The Washington school board attempted to establish and maintain two public schools beginning in 1806. These first two schools were the only schools that existed in Washington during Jefferson’s presidency. When the city council decided to cut the public funding for these schools in half in 1809, one of the two schools was forced to close. The school buildings had been paid for with private donations, but the school board couldn’t afford to pay high enough salaries to hire and keep qualified teachers.
In 1811, two years after the end of Jefferson’s presidency, the teacher of a Lancasterian school that had been opened in Georgetown wrote to the Washington school board suggesting that this type of school might solve their problem. Lancasterian schools used a plan of education developed by Joseph Lancaster in England as an economical way to educate large numbers of poor children. By using the older students to teach the younger ones, Lancaster’s method allowed one teacher to oversee the education of hundreds of children. The school in Georgetown was teaching three hundred and fifty students with one teacher.
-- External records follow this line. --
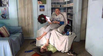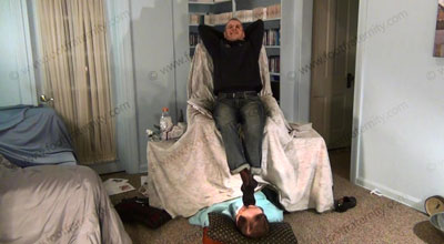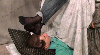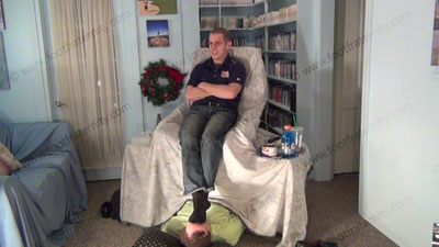 These three views are of Riley - In jeans, & sports shirt, sheer socks in the sissy’s face for worship as he controls him to need to serve these feet. He is lounging above the sissy comfortably as his foot bitch who is humiliating himself on the floor beneath his feet; while Riley is having his socked & bare feet sniffed, licked, kissed & worshiped. This Jock talks about slave’s service to his feet! He ....... (click video link to see full description)
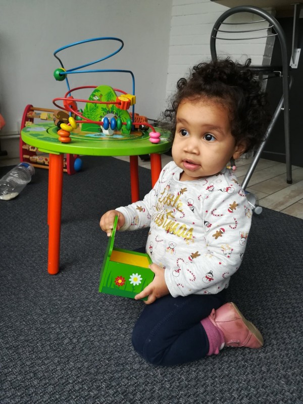 Langage … ça reste du basic "papapapa / babababa / mamamama" on a de temps en temps papa et maman mais je pense qu'il n'a pas compris encore la signification
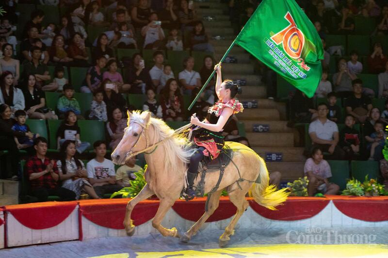 Những bước phi nước đại điệu nghệ của ngựa xiếc, kết hợp các động tác biểu diễn khéo léo trên mình ngựa đã tạo nên tiết mục mãn nhãn, mang đến cảm giác tươi mới, lạc quan và tràn đầy hứng khởi.
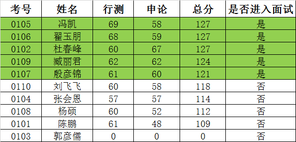 面試采用結構化面試方式進行。面試主要測評考生的言語表達能力、綜合分析能力、專業(yè)素養(yǎng)、個人儀表等。評委打分成績保留到小數點后二位小有數字,且不能為0。面試成績?yōu)?位評委分數的平均分,面試滿分為100分。
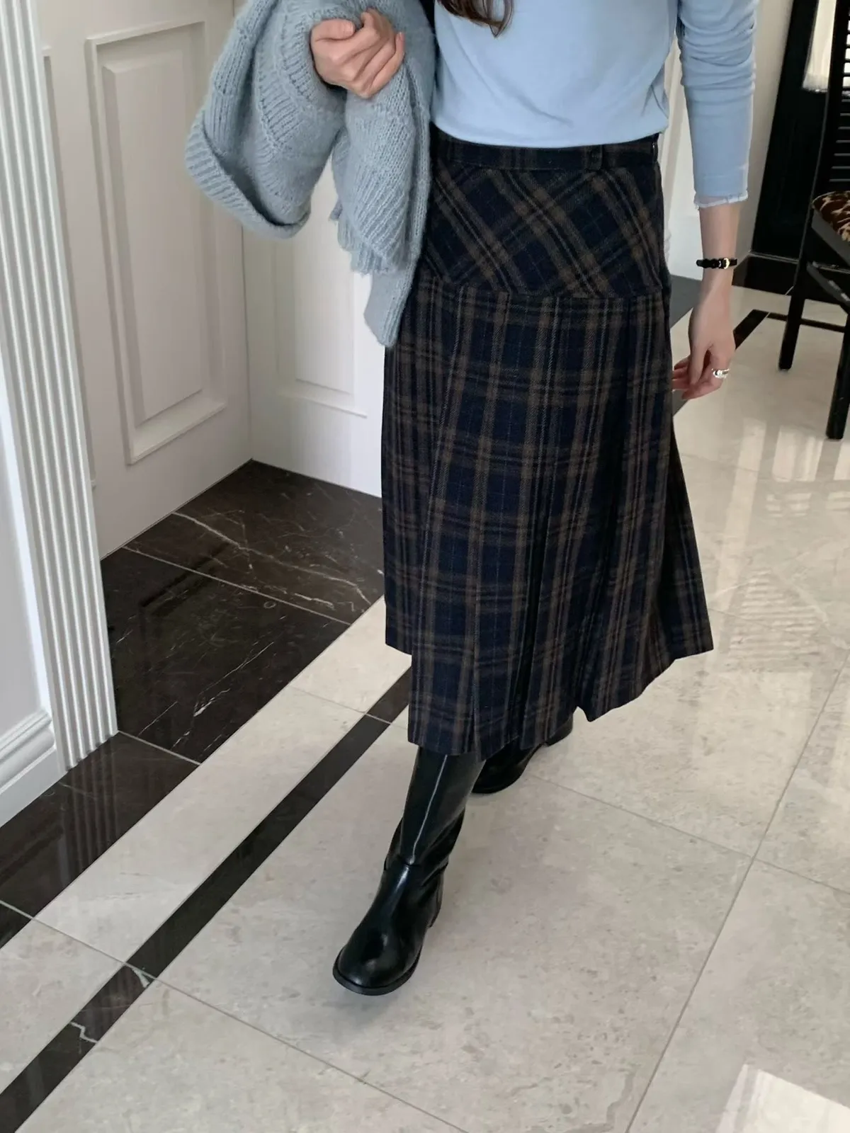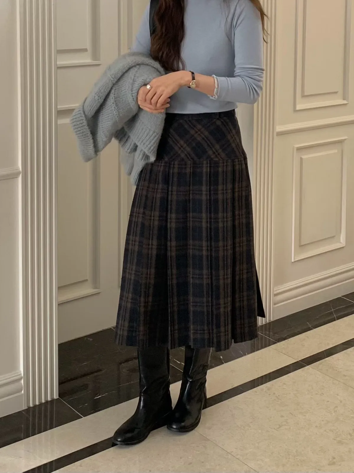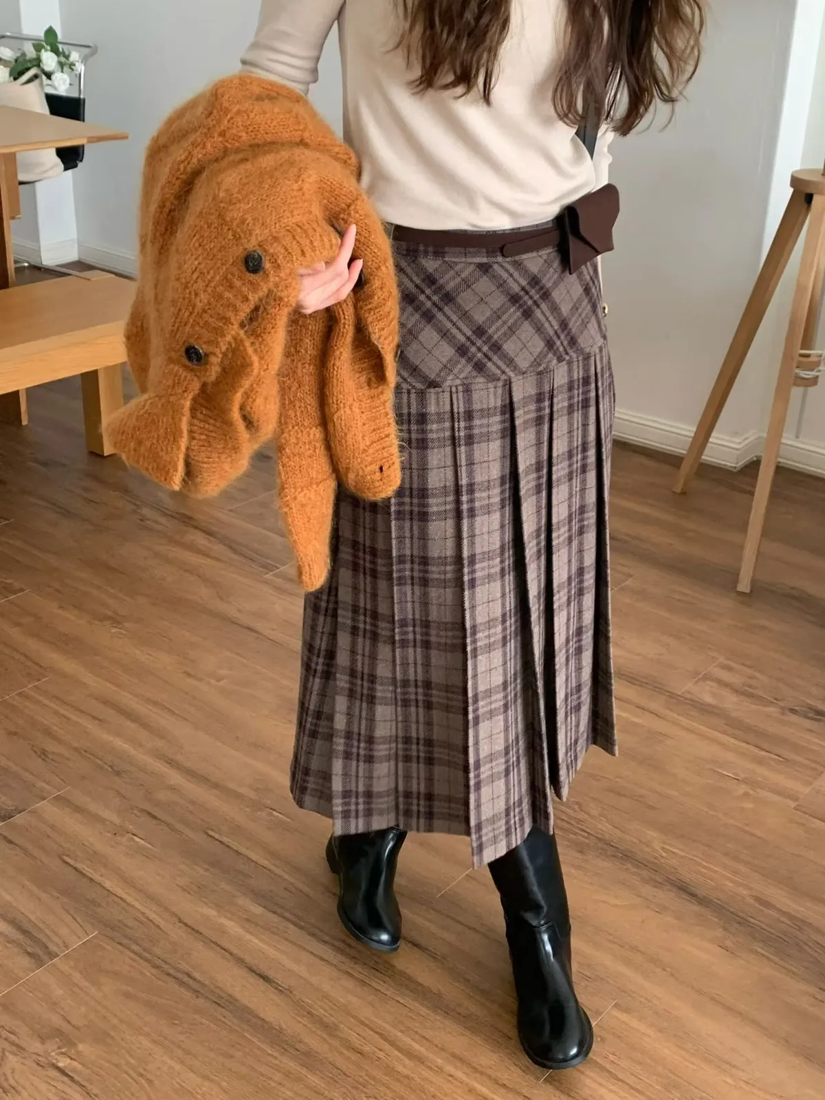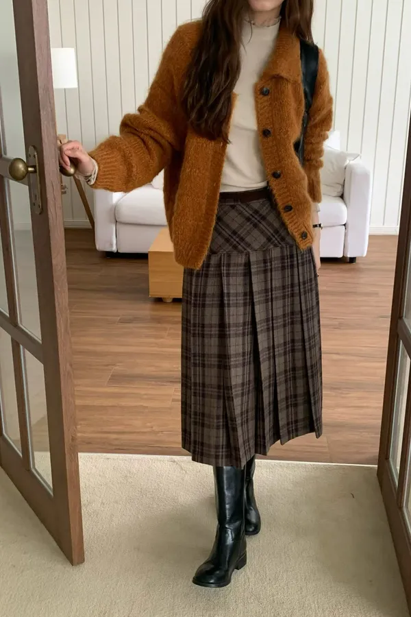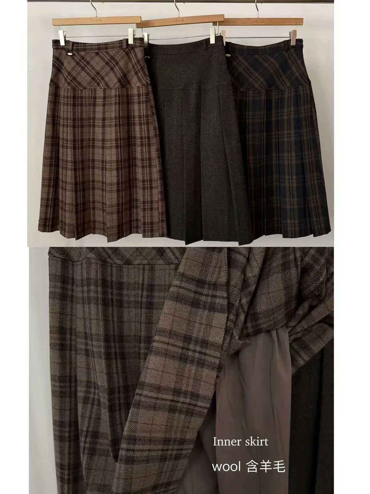 C697捲髮歐膩羊毛混紡格紋裙3色(S/M)
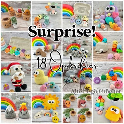 Se de individuelle opskrifter for mere info om garnforbrug, masker og størrelse.
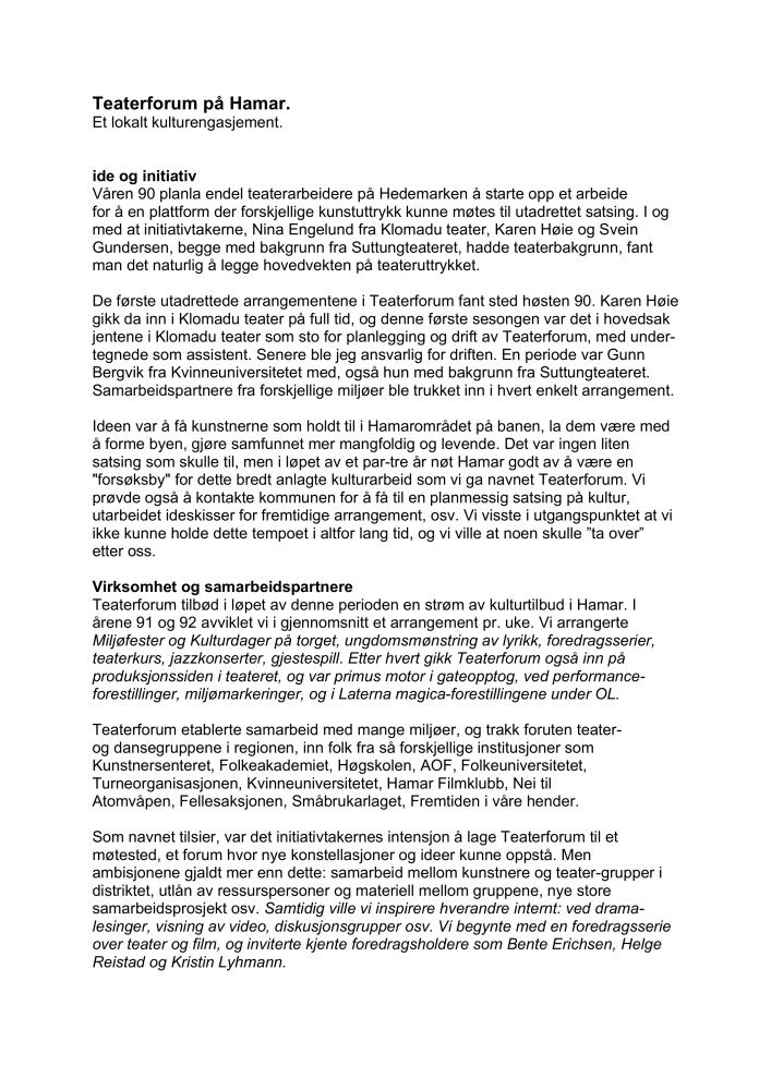 Teaterforum på Hamar. Et lokalt kulturengasjement. Artikkel av Svein Gundersen om Teaterforum. Artikkelen ble skrevet i 1996, publiseringssted ukjent.
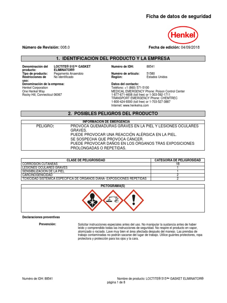 Henkel Corporation Teléfono: +1 (860) 571-5100

In 1812, the Washington school board decided to try the Lancasterian method, and Henry Ould, a teacher trained by Joseph Lancaster in England, was brought over to run the new Lancasterian school.
In 1813, Mr. Ould submitted a progress report to the school board in which he said that the Bible and Watts’s Hymns were being used as reading texts. This 1813 report, when anachronistically combined with the fact that Jefferson had been elected school board president eight years earlier, is used to make the completely false claim that Mr. Sekulow makes in his letter — that Jefferson “developed a school curriculum for the District of Columbia that used the Bible and a Christian hymnal.”
If Sekulow is going to claim that Mikey Weinstein’s email to the Omaha VA facility objecting to the Bible display contains “numerous, erroneous, legal and factual arguments,” as he does in his letter, he might want to do so with a letter that isn’t full of erroneous history.